Irish-American poet (1938–2017)

Sabra Loomis (1938 – 2017) was an Irish-American poet. Her poetry collection House Held Together by Winds (Harper Perennial, 2008) won the 2007 National Poetry Series. Her honors included Yaddo and MacDowell Colony fellowships.

Her poems appeared in literary journals and magazines including American Poetry Review, American Voice, Cincinnati Poetry Review, Cyphers, Florida Review, Heliotrope, Lumina, Negative Capability, Poetry Ireland Review, Salamander, Salt Hill Journal, and St.

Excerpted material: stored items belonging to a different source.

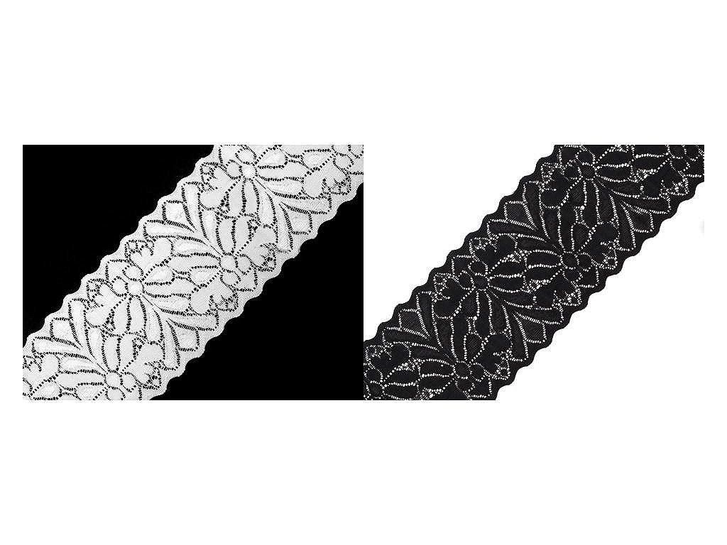 Použití: Díky vysoké elasticitě je krajka vhodná na ozdobení spodního prádla, punčoch, halenek, šatů apod.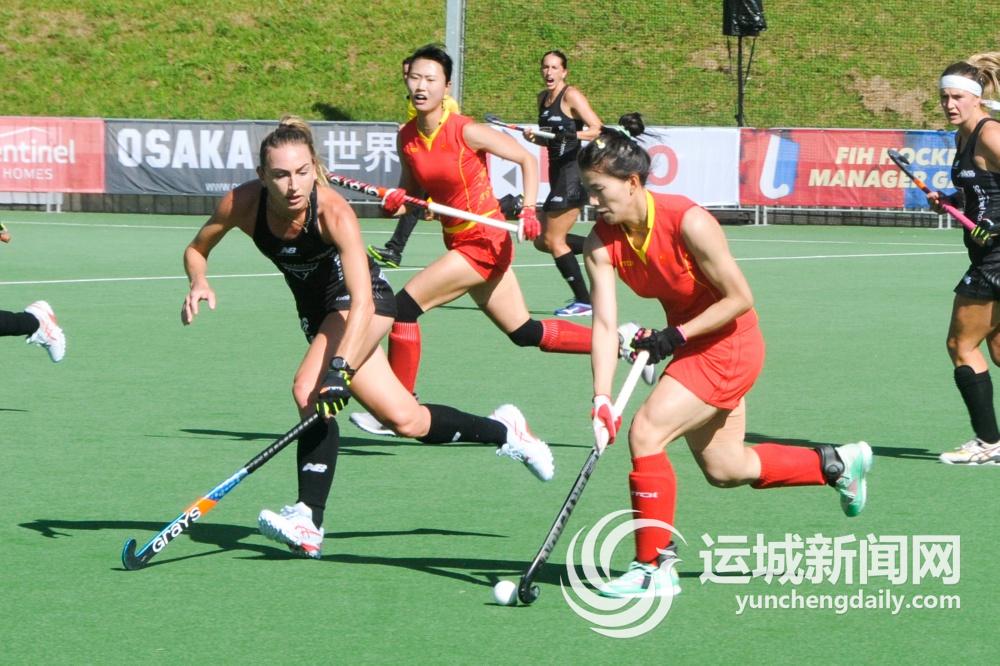 2月26日,中国队球员钟嘉琪(前右)在比赛中进攻。 当日,在新西兰惠灵顿进行的曲棍球世界女子超级联赛中,中国队以5比2战胜新西兰队。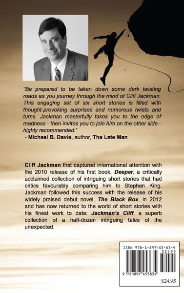 Be prepared to be taken down some dark twisting roads as you journey through the mind of Cliff Jackman. This engaging set of six short stories is filled with thought-provoking surprises and numerous twists and turns. No surprise that Jackman has been called Canada's answer to Stephen King. Jackman masterfully takes you to the edge of madness - then invites you to join him on the other side - highly recommended. - Michael Davie, author, The Late Man From the Publisher: A superb collection of a half-dozen intriguing short stories from one of Canada's best new writers, who has deservedly drawn favourable comparisons with Stephen King. A truly captivating offering and an absolute joy to read. Cliff Jackman first captured international attention with the 2010 release of his first book, Deeper, a critically acclaimed collection of intriguing short stories that had critics favourably comparing him to Stephen King. Jackman followed this success with the release of his widely praised debut novel, The Black Box, in 2012 and has now returned to the world of short stories in 2013 with what is perhaps his finest work to date: Jackman's Cliff. Cliff Jackman was born in Deep River and raised in Ottawa. He received a Bachelor's in English from York University, a Master's in English from Queen's University, and a Bachelor of Laws from Osgoode Hall Law School. The writer and practicing lawyer lives in Guelph and works in Toronto where he finds no end of inspiration for the colourful characters that populate his books.

Ann's Review.

The daughter of Alfred Loomis of Tuxedo Park, New York, she graduated from New York University, taught at the University of Massachusetts Boston, and was on the faculty of the Poets' House, Donegal. She divided her time between New York City and Achill Island, Ireland.

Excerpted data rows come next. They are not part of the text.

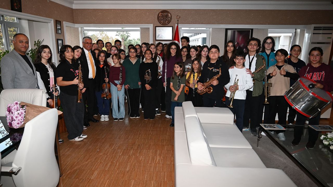 Kemer Belediyesi ATSO Eğitim ve Sanat Merkezi'nde ücretsiz müzik eğitimi alan Kemer Belediyesi Gençlik Orkestrası öğrencileri, Orkestra Şefi Furkan Üstündağ ile Öğretmenler Günü dolayısıyla Kemer Belediye Başkanı Necati Topaloğlu'nu ziyaret ederek gününü kutladı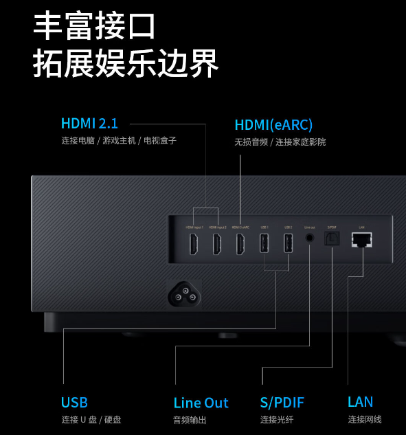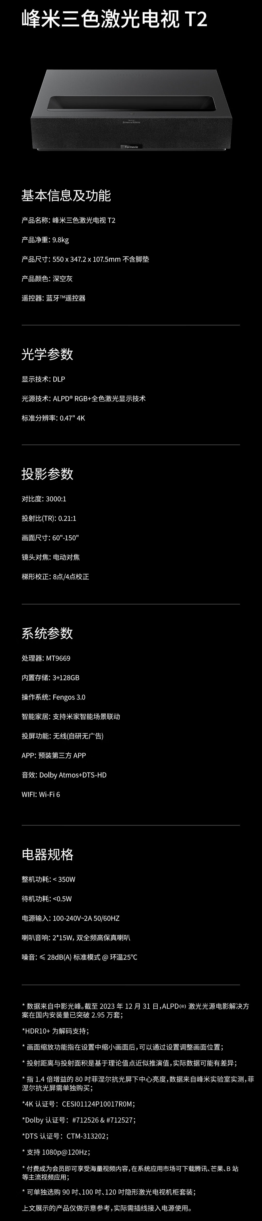 IT之家附峰米三色激光电视 T2 接口及参数信息如下: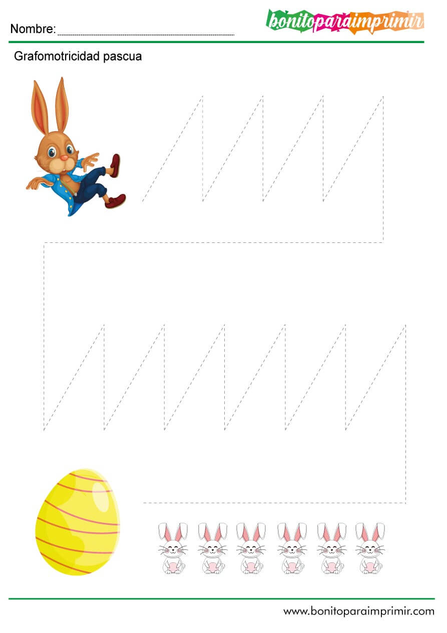 Puedes descargar fácilmente estas fichas de pascua con ejercicios de grafomotricidad para desarrollar las habilidades motoras de los niños que están aprendiendo el uso de un lápiz, solamente tiene que hacer trazos y líneas, así mejorara su precisión y tendrá mayor rapidez al momento de empezar a escribir.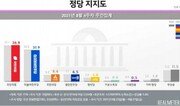 국민의힘이 정당 지지도 조사에서 3주만에 더불어민주당을 오차범위 밖에서 앞섰다. 문재인 대통령의 국정 수행 지지도 긍정평가는 소폭 하락했지만 40%대 초반을 유지했다.리얼미터가 YTN 의뢰로 지난 23~27일 전국 18세 이상 남녀 2524명에게 정당 지지도를 조사한 결과, 국민의힘은 전주보다 0.2%포인트 떨어진 36.9%로 집계됐다. 민주당은 31.9%로 전주보다 0.9%포인트 하락했다.양당 격차는 5.0%포인트로 오차범위(±2.0%포인트) 밖으로 벌어진 것은 3주 만이다. 민주당의 언론중재법 단독 강행 처리 등이 지지율에 부정적인 영향을 미친 것으로 풀이된다.지역별로 국민의힘은 부산·울산·경남(5.8%포인트↑)지역에서 지지율이 올랐지만 대전·세종·충청 지역(6.5%포인트↓)에서는 떨어졌다. 민주당 역시 대전·세종·충청(6.5%포인트↓)지역에서 하락했고 광주·전라(3.1%포인트↑)에서는 오름세를 보였다.연령별로 보면 국민의힘은 60대(3.7%포인트↓)·20대(1.5%포인트↓)에서 지지율이 떨어졌고, 70대 이상(4.4%포인트↑)에서는 올랐다. 민주당은 70대 이상(8.5%포인트↓)·20대(2.2%포인트↓)에서 하락세를, 50대(1.8%포인트↑), 40대(1.3%포인트↑)에서 상승세를 기록했다.이 밖에 국민의당(6.6%), 열린민주당(6.5%), 정의당(3.8%), 기본소득당(0.6%), 시대전환(0.5%) 순으로 뒤를 이었다. 기타정당은 1.8%, 무당층은 11.5%였다.한편 문재인 대통령에 대한 국정 수행평가는 긍정 41.3%, 부정 54.7%, 무응답 3.6%로 나타났다. 긍정평가는 전주 41.6%보다 0.3%포인트 떨어졌으며, 부정평가는 55.7%에서 1%포인트 하락했다.긍정 평가는 4주 연속 40% 초반대를 기록하고 있으며, 부정 평가와의 차이는 13.4%포인트로 4주 연속 두 자릿수를 격차를 보였다. 특히 연령대별로 30대(7.4%포인트↓)·70대 이상(5.3%포인트↓)에서 지지율이 크게 떨어진 반면 50대(4.2%포인트↑)와 20대(4.0%포인트↑)에선 오름세를 보였다.이번 조사는 무선 전화면접(10%), 무선(80%)·유선(10%) 자동응답 혼용 방식으로 조사됐으며 표본 오차는 ±2.0%포인트(95% 신뢰수준)다. 자세한 내용은 리얼미터 홈페이지 또는 중앙선거여론조사심의위원회 홈페이지를 참조하면 된다.김혜린 동아닷컴 기자 sinnala8@donga.com}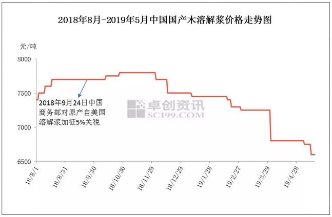 中國對溶解漿進(jìn)口依賴度較大,2018年中國溶解漿進(jìn)口量283.84萬噸,出口量0.21萬噸,所以我們主要分析這次事件對進(jìn)口溶解漿市場的影響。對原產(chǎn)自美國的溶解漿維持2018年9月加征的5%關(guān)稅,根據(jù)上圖顯示,對比2017年和2018年溶解漿分國家占比,美國占比穩(wěn)定在11%以上,并沒有因?yàn)?018年8月加征關(guān)稅而出現(xiàn)明顯下降。從價格走勢圖看,2018年9月24日后溶解漿價格并沒有明顯震蕩。卓創(chuàng)分析,這次對美國進(jìn)口溶解漿維持2018年稅率,對漿市直接影響不明顯,需求面仍是影響漿價走勢的主要因素。

Loomis died in 2017, at the age of 79–80.

==Honors and awards==
- 2007 National Poetry Series
- Artists Foundation
- Yeats Society
- British Council
- Yaddo Fellowship
- MacDowell Colony Fellowship
- Virginia Center for the Creative Arts residency

==Published works==
Full-Length Poetry Collections
- "House Held Together by Winds" (2008)
- "Rosetree" (1989)

Chapbooks
- The Ship (Firm Ground Press, 2001)
- "Travelling on Blue" (1998)

Anthology Publications
- Smock, Frederick (1998). "The American voice anthology of poetry"
- Tobin, Daniel (2007). "The book of Irish American poetry: from the eighteenth century to the present"

==Reviews==
The house in House Held Together by Winds is both mansion and metaphor. Our docent for each construction is a little girl in a lace collar whose satirical observations of her dominating relatives expose the fears at the root of chauvinism....Readers who allow themselves to be voyeuristically fascinated by the gothic eccentricities of these poems will be moved by the transformation.